##### SOURCE RECORDS

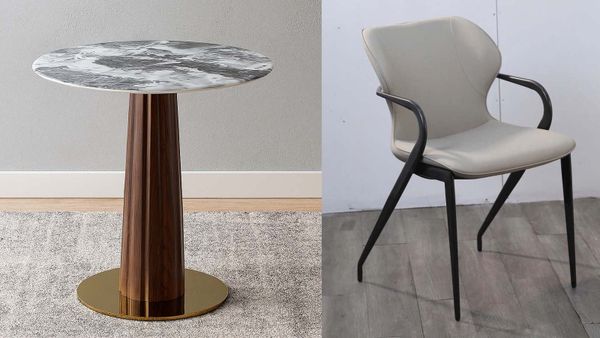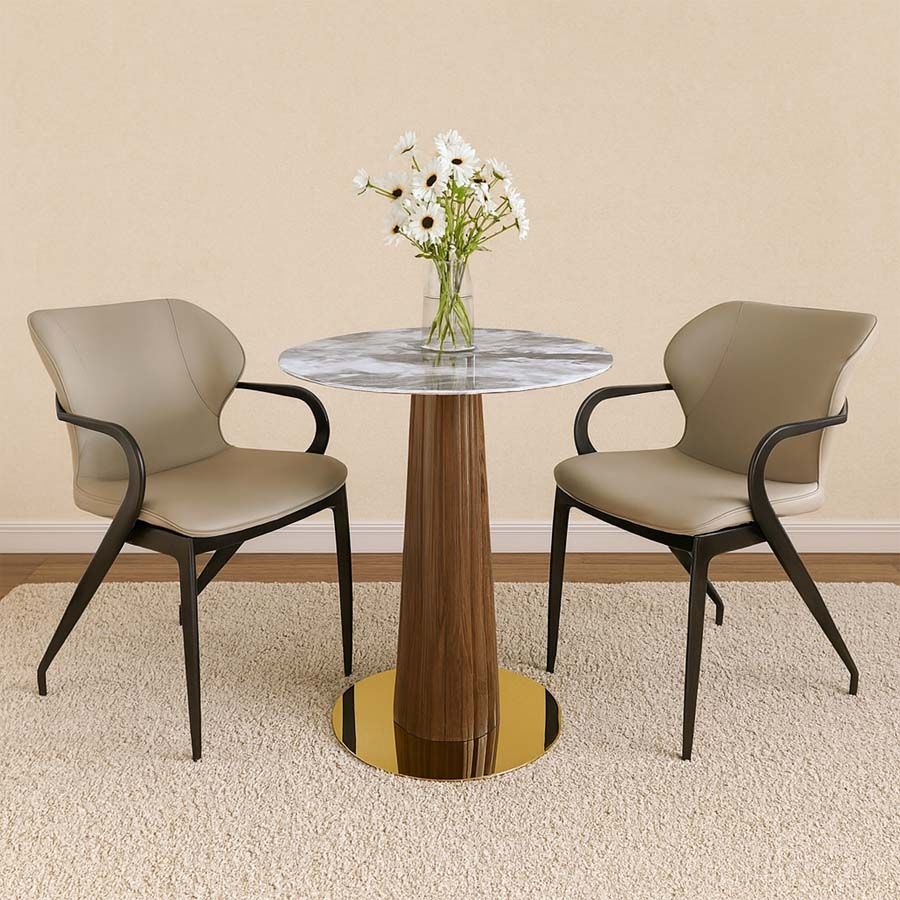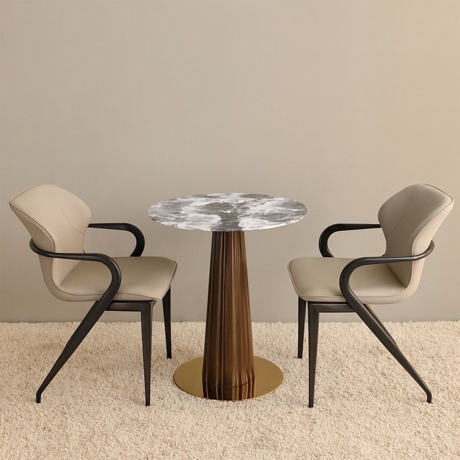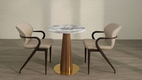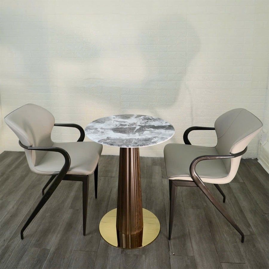 Bộ bàn ghế cafe VSCF500 + VS296 là lựa chọn hoàn hảo cho những không gian quán cafe, nhà hàng hay phòng tiếp khách cần sự tinh tế và hiện đại. Bàn mặt đá mạ pha lê mang đến sự sang trọng và đẳng cấp, kết hợp cùng chân thép sơn vân gỗ và mâm inox mạ vàng tạo điểm nhấn độc đáo. Ghế ăn VS296 với phần lưng bọc da simili cao cấp, thiết kế bo cong nhẹ nhàng và chân thép chắc chắn giúp người ngồi cảm thấy thoải mái và dễ chịu trong thời gian dài.
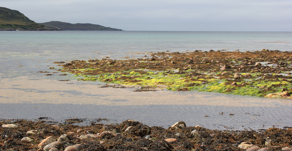 Big Sand lies in a shallow bay, sheltered by a large island just offshore, called Longa Island. The sea is beautifully clear, and I can see the contours of the sand under the rippling water.
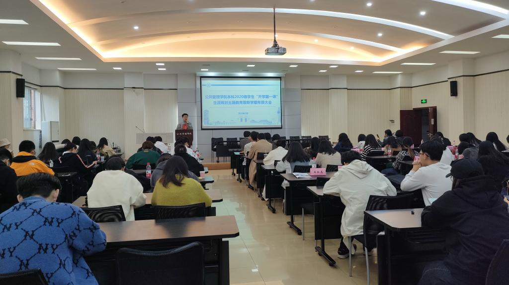 2020级本科生“开学第一课”生涯规划主题教育暨新学期年级大会在学院102多功能厅举行。2020级辅导员包晗主持会议,2019级推免生代表、2020级全体同学参加。
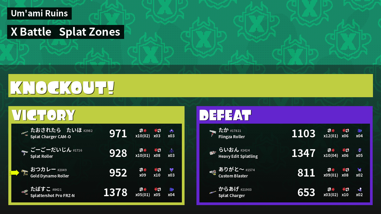 | Mode | Splat Zones - X Battle |
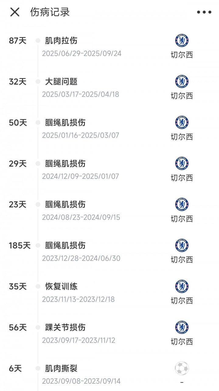 21岁拉维亚自2023年8月18日加盟切尔西以来,一共受伤9次,总天数累计503天,错过了77场比赛,2年多以来合计只为切尔西出战30场比赛,0球1助。他的伤情主要是腘绳肌和拉伤。
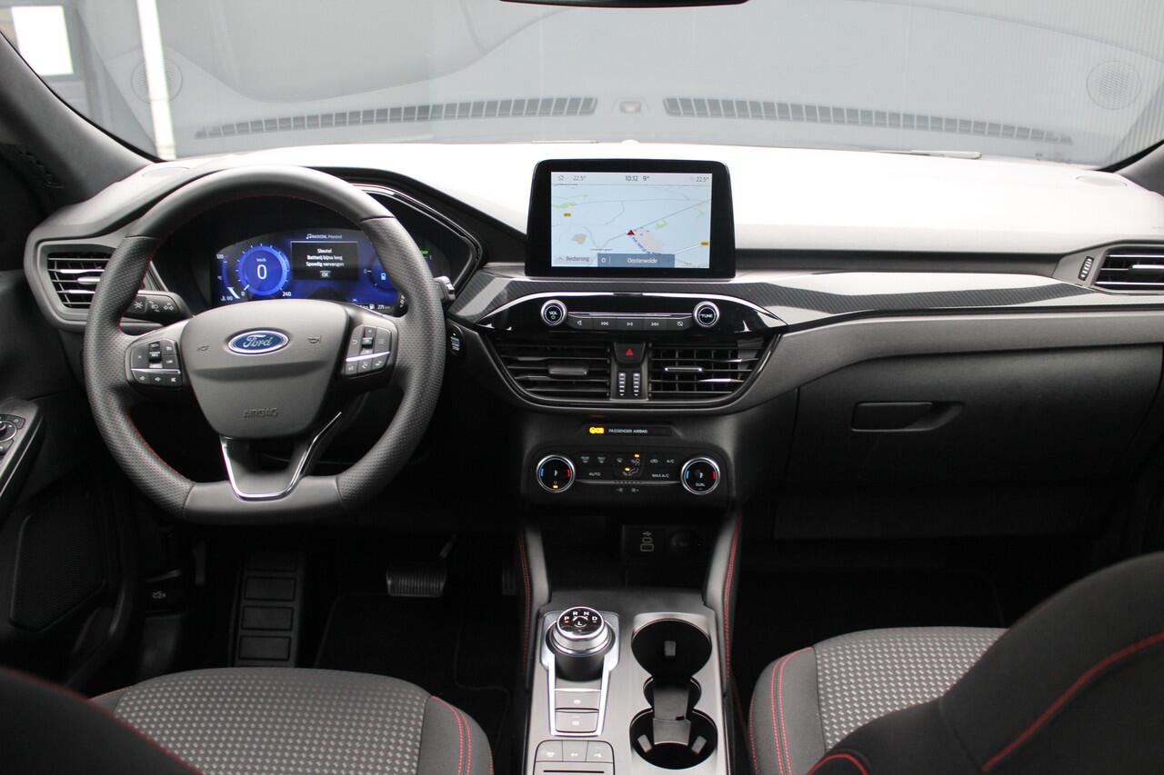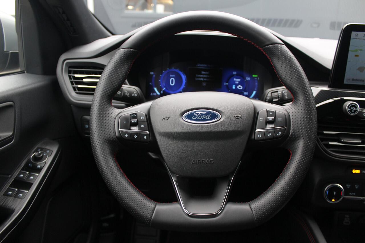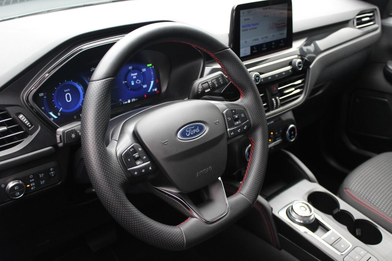 dankzij de DAB-radio klinkt het altijd geweldig. Intussen bedient u het audiosysteem en het full map navigatiesysteem met de knoppen op het stuur of met uw stem. De sensoren van de achteropkomend verkeer waarschuwing registreren wat er gebeurt in de dode hoeken en achter u. U krijgt meteen een waarschuwing als u een achterligger over het hoofd ziet. De Ford is standaard voorzien van: dual zone automatische airconditioning

##########

> _TASK GOAL_: Repeat the lines exactly, starting with the line that contains "Big Sand lies" and ending with the last line of the entries. Keep both of those lines but no pictures.

> _WRITTEN SOLUTION_:
 Big Sand lies in a shallow bay, sheltered by a large island just offshore, called Longa Island. The sea is beautifully clear, and I can see the contours of the sand under the rippling water.
 2020级本科生“开学第一课”生涯规划主题教育暨新学期年级大会在学院102多功能厅举行。2020级辅导员包晗主持会议,2019级推免生代表、2020级全体同学参加。
 | Mode | Splat Zones - X Battle |
 21岁拉维亚自2023年8月18日加盟切尔西以来,一共受伤9次,总天数累计503天,错过了77场比赛,2年多以来合计只为切尔西出战30场比赛,0球1助。他的伤情主要是腘绳肌和拉伤。
 dankzij de DAB-radio klinkt het altijd geweldig. Intussen bedient u het audiosysteem en het full map navigatiesysteem met de knoppen op het stuur of met uw stem. De sensoren van de achteropkomend verkeer waarschuwing registreren wat er gebeurt in de dode hoeken en achter u. U krijgt meteen een waarschuwing als u een achterligger over het hoofd ziet. De Ford is standaard voorzien van: dual zone automatische airconditioning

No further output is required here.